# [TASK]
Without the images, print every line of the material below exactly as given.

# [RAW DATA]
***
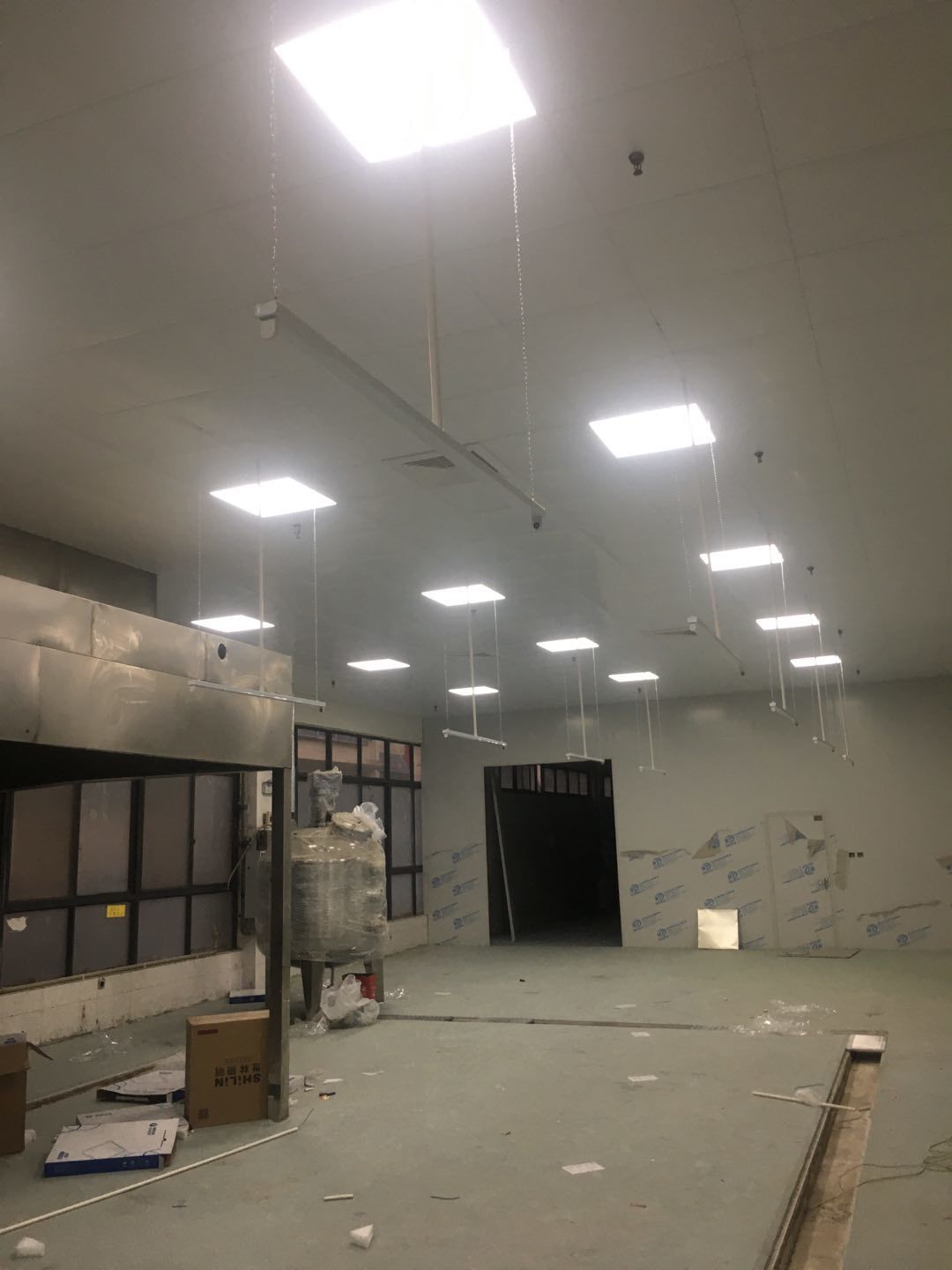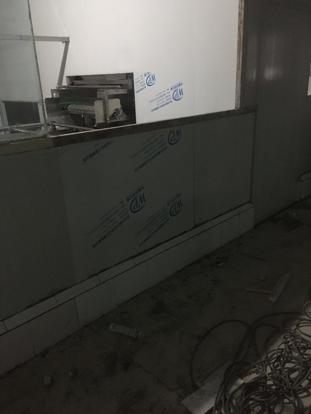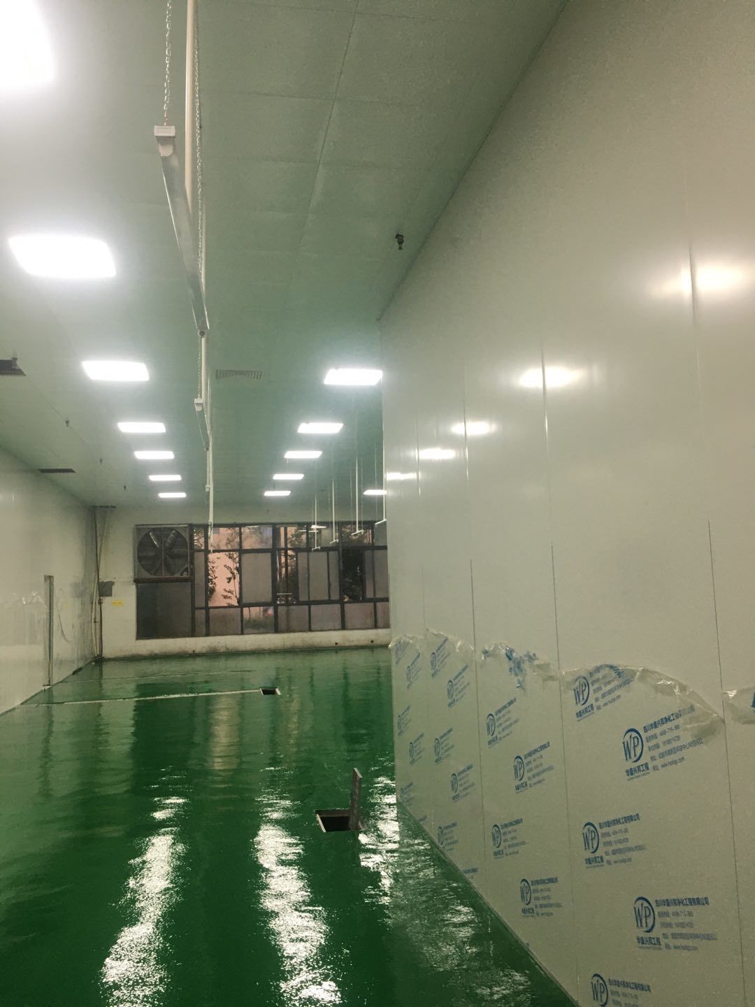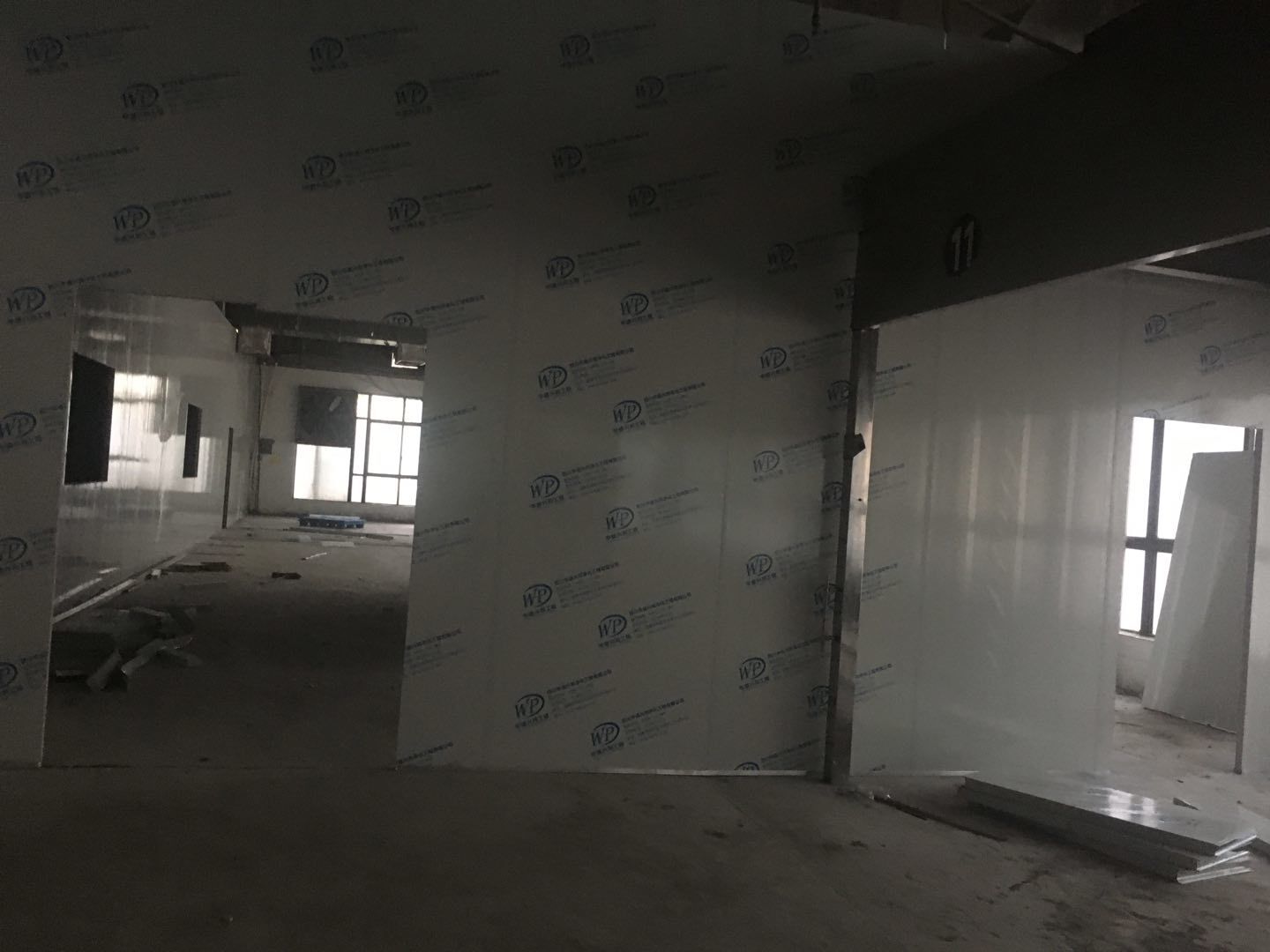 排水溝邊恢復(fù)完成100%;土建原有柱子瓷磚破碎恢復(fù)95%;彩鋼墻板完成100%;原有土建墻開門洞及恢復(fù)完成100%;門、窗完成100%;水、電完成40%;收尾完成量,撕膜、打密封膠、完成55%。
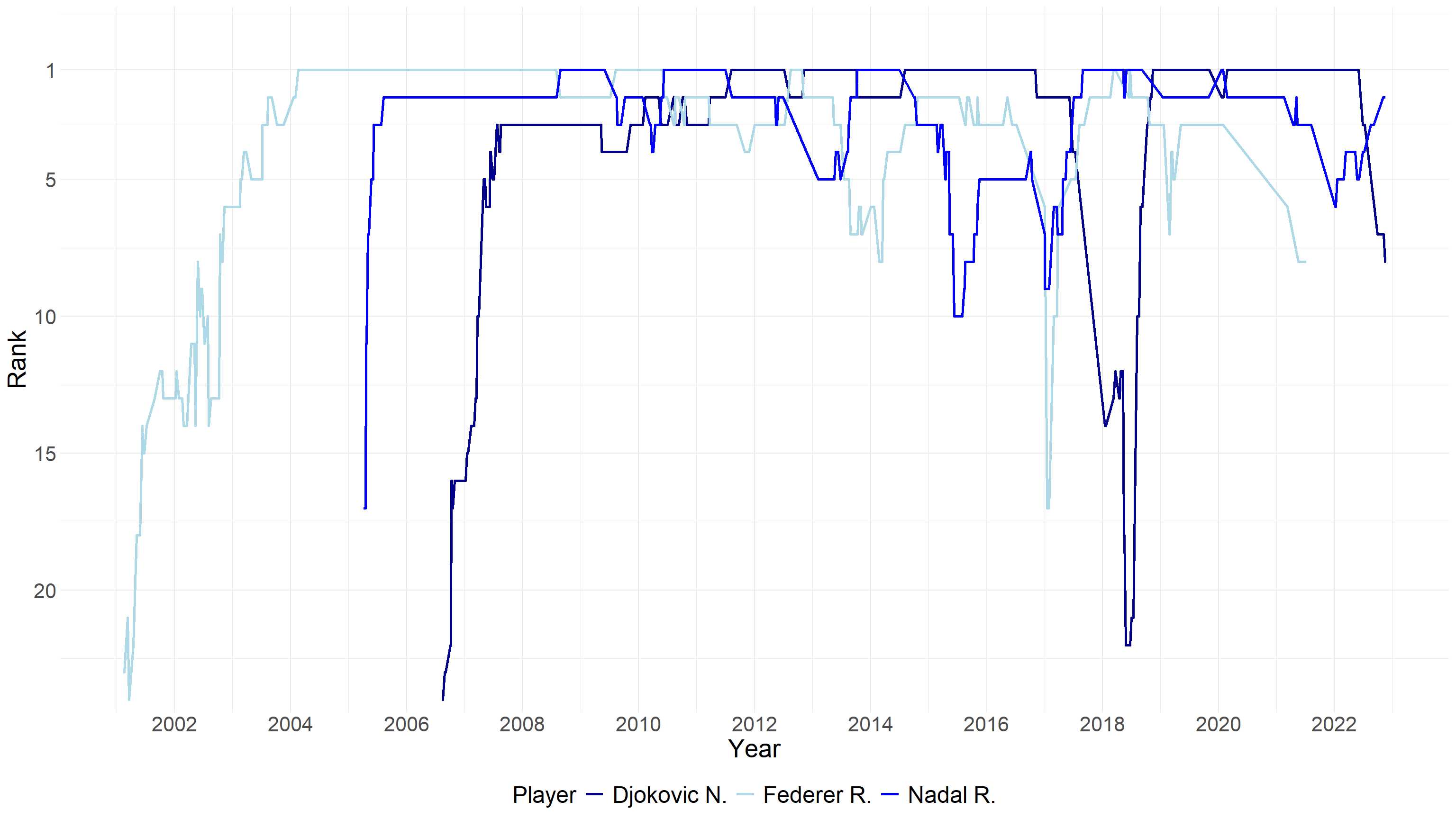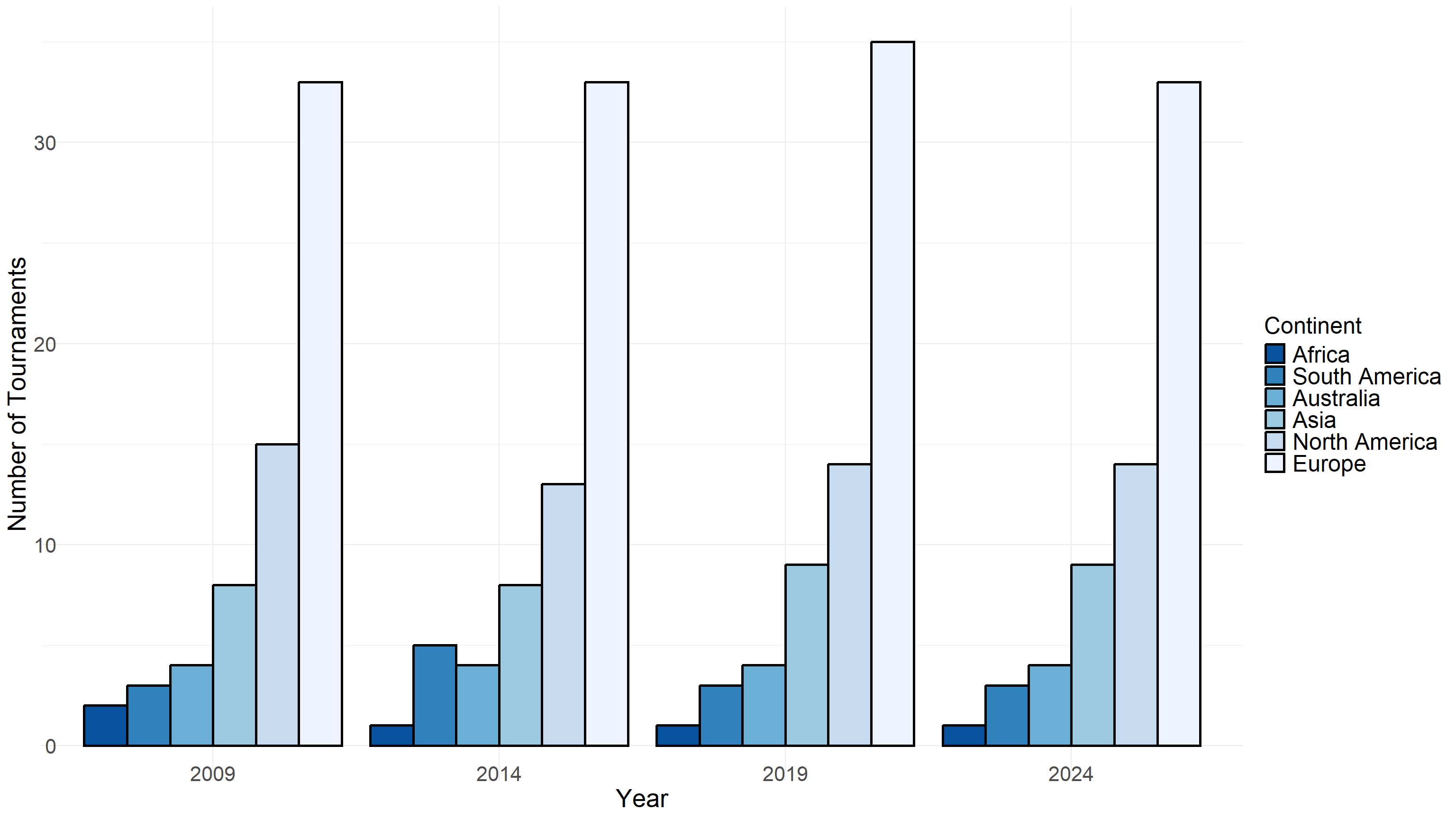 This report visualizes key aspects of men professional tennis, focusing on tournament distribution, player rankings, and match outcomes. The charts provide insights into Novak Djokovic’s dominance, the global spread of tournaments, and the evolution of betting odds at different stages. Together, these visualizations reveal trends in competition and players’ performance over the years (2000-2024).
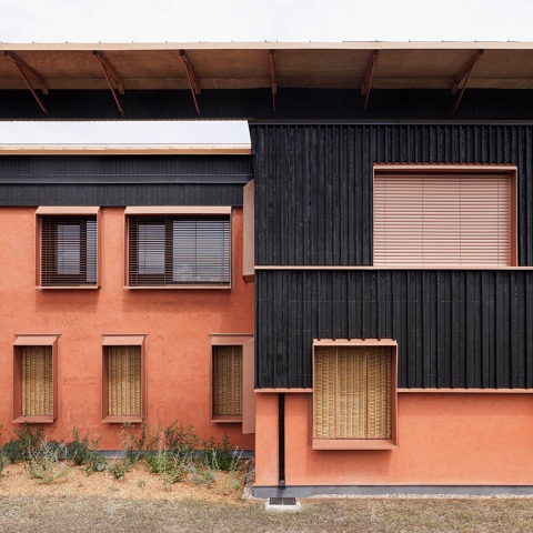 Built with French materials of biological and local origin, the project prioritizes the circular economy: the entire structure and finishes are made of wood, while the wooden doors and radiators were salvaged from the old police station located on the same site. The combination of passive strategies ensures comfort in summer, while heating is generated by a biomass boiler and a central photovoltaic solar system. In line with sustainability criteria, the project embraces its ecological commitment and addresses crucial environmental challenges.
***
# [FINAL ANSWER]
 排水溝邊恢復(fù)完成100%;土建原有柱子瓷磚破碎恢復(fù)95%;彩鋼墻板完成100%;原有土建墻開門洞及恢復(fù)完成100%;門、窗完成100%;水、電完成40%;收尾完成量,撕膜、打密封膠、完成55%。
 This report visualizes key aspects of men professional tennis, focusing on tournament distribution, player rankings, and match outcomes. The charts provide insights into Novak Djokovic’s dominance, the global spread of tournaments, and the evolution of betting odds at different stages. Together, these visualizations reveal trends in competition and players’ performance over the years (2000-2024).
 Built with French materials of biological and local origin, the project prioritizes the circular economy: the entire structure and finishes are made of wood, while the wooden doors and radiators were salvaged from the old police station located on the same site. The combination of passive strategies ensures comfort in summer, while heating is generated by a biomass boiler and a central photovoltaic solar system. In line with sustainability criteria, the project embraces its ecological commitment and addresses crucial environmental challenges.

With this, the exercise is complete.